I further did some testing since things aren't making sense. I figured if there were two processes calling these script files -- I'll change the name of the script files. I changed the name of the script files.
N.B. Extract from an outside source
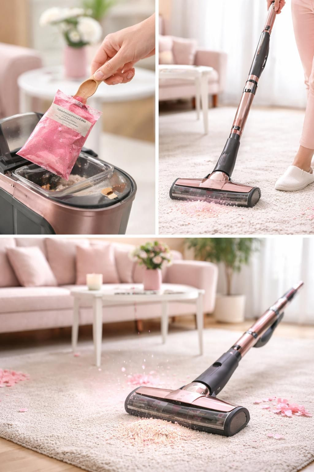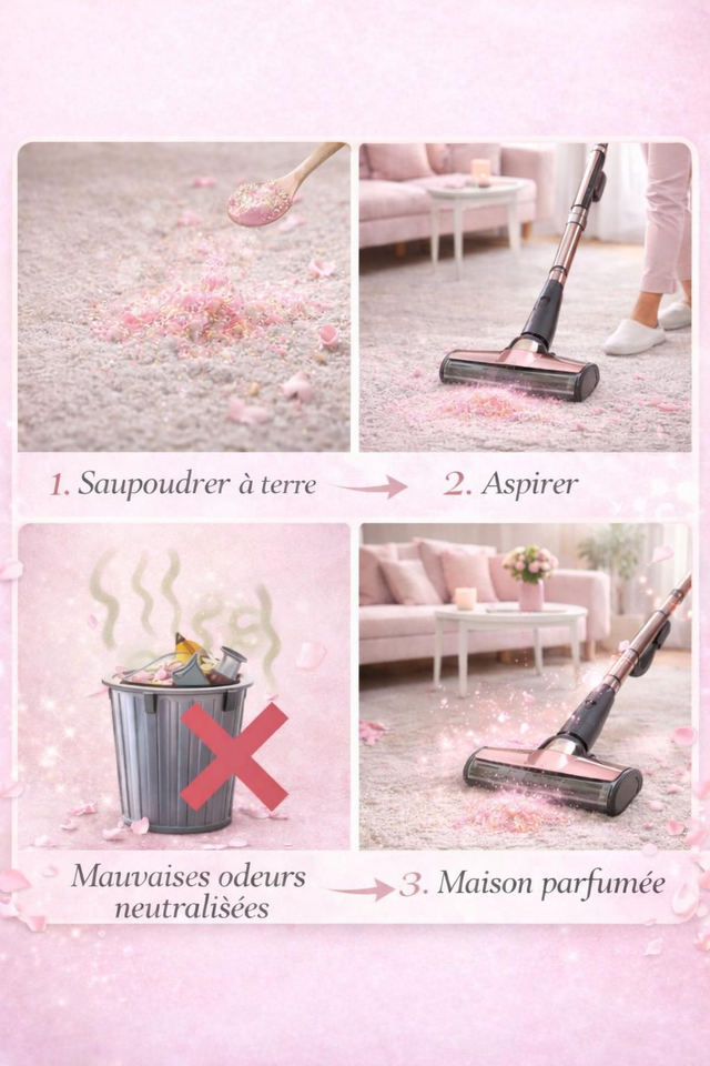 Aspirateur : déposer une cuillère de poudre parfumé sur le sol, aspirer la poudre et passer l'aspirateur.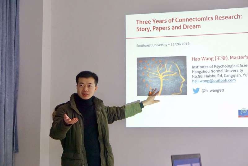 王浩,来自2014级心理学研究生班。在校成绩优异,曾获国家奖学金,经亨颐奖学金,第六届科创杯优秀奖等。目前发表2篇SCI论文,1篇CSSCI论文,参加1项国家自然科学基金面上项目。硕士期间,在导师研究员王金辉博士和认知与脑疾病研究中心主任翁旭初教授的带领下,他所做的工作受多项国家级和北京市基金的支持。他曾多次参加国内外学术会议,发表2篇国际会议论文,并赴瑞士日内瓦参加第22届OHBM年会展示自己的成果。同时他还申请了电子科技大学的博士。而且他积极参与实践活动,申请了研究生处的兼职辅导员——协助老师开展我校研究生的就业工作,工作态度受到老师肯定。以此优异成绩获得教育论文和学术报告奖。

My original plan contained the following:

    dst_0_precmd = /root/bin/start_zfs_transfer.sh
    dst_0_pstcmd = /root/bin/end_zfs_transfer.sh

The new command is the following:

    dst_0_precmd = /root/bin/begin_zfs_transfer.sh
    dst_0_pstcmd = /root/bin/finish_zfs_transfer.sh

I reloaded the daemon via:

pkill -HUP znapzend

Immediately I was sent four emails although the znapzend service lists only two commands being sent:

-- Journal begins at Fri 2019-11-08 22:32:38 CST, ends at Fri 2021-10-29 19:25:35 CDT. --
Oct 29 19:15:59 arch-TM znapzend[85745]: SIGHUP received.
Oct 29 19:15:59 arch-TM znapzend[85745]: refreshing backup plans ...
Oct 29 19:16:00 arch-TM znapzend[85745]: running pre-send-command for root@10.0.1.197:tank/backups/zfs_backup/arch-TM
Oct 29 19:16:00 arch-TM znapzend[542053]: Beginning ZFS backup from ARCH-TM-(10.0.1.107) to FreeNAS @ Fri Oct 29 19:16:00 CDT 2021
Oct 29 19:16:00 arch-TM znapzend[85745]: found a valid backup plan for zroot/data/timemachine...
Oct 29 19:16:00 arch-TM znapzend[85745]: running post-send-command for root@10.0.1.197:tank/backups/zfs_backup/arch-TM
Oct 29 19:16:00 arch-TM znapzend[542076]: Elapsed Time: 0d, 0h, 0m, 0s
Oct 29 19:16:00 arch-TM znapzend[542076]: ZFS backup from arch-TM-(10.0.1.107) to FreeNAS-(10.0.1.197) concluded @ Friday Oct 29 2021  7:16:00>
Oct 29 19:16:00 arch-TM znapzend[542076]: Summary...
Oct 29 19:16:00 arch-TM znapzend[542076]: Elapsed Time: 0 days, 0 hours(s), 0 minutes(s), 0 second(s)
Oct 29 19:16:00 arch-TM znapzend[542076]: Start Time: Friday Oct 29 2021  7:16:00 PM CDT
Oct 29 19:16:00 arch-TM znapzend[542076]: End Time: Friday Oct 29 2021  7:16:00 PM CDT

postfix logs:

-- Journal begins at Fri 2019-11-08 22:32:38 CST, ends at Fri 2021-10-29 19:27:25 CDT. --
Oct 29 19:16:00 arch-TM postfix/pickup[541506]: 4D01F5B2C4: uid=0 from=<root>
Oct 29 19:16:00 arch-TM postfix/cleanup[542075]: 4D01F5B2C4: message-id=<20211030001600.4D01F5B2C4@arch-TM.domain.com>
Oct 29 19:16:00 arch-TM postfix/qmgr[86090]: 4D01F5B2C4: from=<root@arch-TM.domain.com>, size=481, nrcpt=1 (queue active)
Oct 29 19:16:00 arch-TM postfix/pickup[541506]: 539A15B2C6: uid=0 from=<root>
Oct 29 19:16:00 arch-TM postfix/cleanup[542075]: 539A15B2C6: message-id=<20211030001600.539A15B2C6@arch-TM.domain.com>
Oct 29 19:16:00 arch-TM postfix/qmgr[86090]: 539A15B2C6: from=<root@arch-TM.domain.com>, size=487, nrcpt=1 (queue active)
Oct 29 19:16:00 arch-TM postfix/pickup[541506]: 6C5755B2C8: uid=0 from=<root>
Oct 29 19:16:00 arch-TM postfix/cleanup[542075]: 6C5755B2C8: message-id=<20211030001600.6C5755B2C8@arch-TM.domain.com>
Oct 29 19:16:00 arch-TM postfix/qmgr[86090]: 6C5755B2C8: from=<root@arch-TM.domain.com>, size=703, nrcpt=1 (queue active)
Oct 29 19:16:00 arch-TM postfix/pickup[541506]: 758375B2CA: uid=0 from=<root>
Oct 29 19:16:00 arch-TM postfix/cleanup[542075]: 758375B2CA: message-id=<20211030001600.758375B2CA@arch-TM.domain.com>
Oct 29 19:16:00 arch-TM postfix/qmgr[86090]: 758375B2CA: from=<root@arch-TM.domain.com>, size=703, nrcpt=1 (queue active)
Oct 29 19:16:01 arch-TM postfix/smtp[542091]: 4D01F5B2C4: to=<recipient@gmail.com>, relay=smtp.gmail.com[142.250.128.108]:465, delay=1.2, dela>
Oct 29 19:16:01 arch-TM postfix/qmgr[86090]: 4D01F5B2C4: removed
Oct 29 19:16:01 arch-TM postfix/smtp[542124]: 6C5755B2C8: to=<recipient@gmail.com>, relay=smtp.gmail.com[142.250.128.108]:465, delay=1.3, dela>
Oct 29 19:16:01 arch-TM postfix/qmgr[86090]: 6C5755B2C8: removed
Oct 29 19:16:01 arch-TM postfix/smtp[542111]: 539A15B2C6: to=<recipient@gmail.com>, relay=smtp.gmail.com[142.250.128.108]:465, delay=1.5, dela>
Oct 29 19:16:01 arch-TM postfix/qmgr[86090]: 539A15B2C6: removed
Oct 29 19:16:02 arch-TM postfix/smtp[542131]: 758375B2CA: to=<recipient@gmail.com>, relay=smtp.gmail.com[142.250.128.108]:465, delay=1.9, dela>
Oct 29 19:16:02 arch-TM postfix/qmgr[86090]: 758375B2CA: removed

I kind of stumped on this one.

jochendemuth commented 2 years ago

do you happen to accidentally have two instances of znapzend running?

pgrep -a znapzend

kevdogg commented 2 years ago

I'm going to close this issue.

Yes it seemed I had two issues of znapzend running. Not sure how that happened. Thanks for suggestion.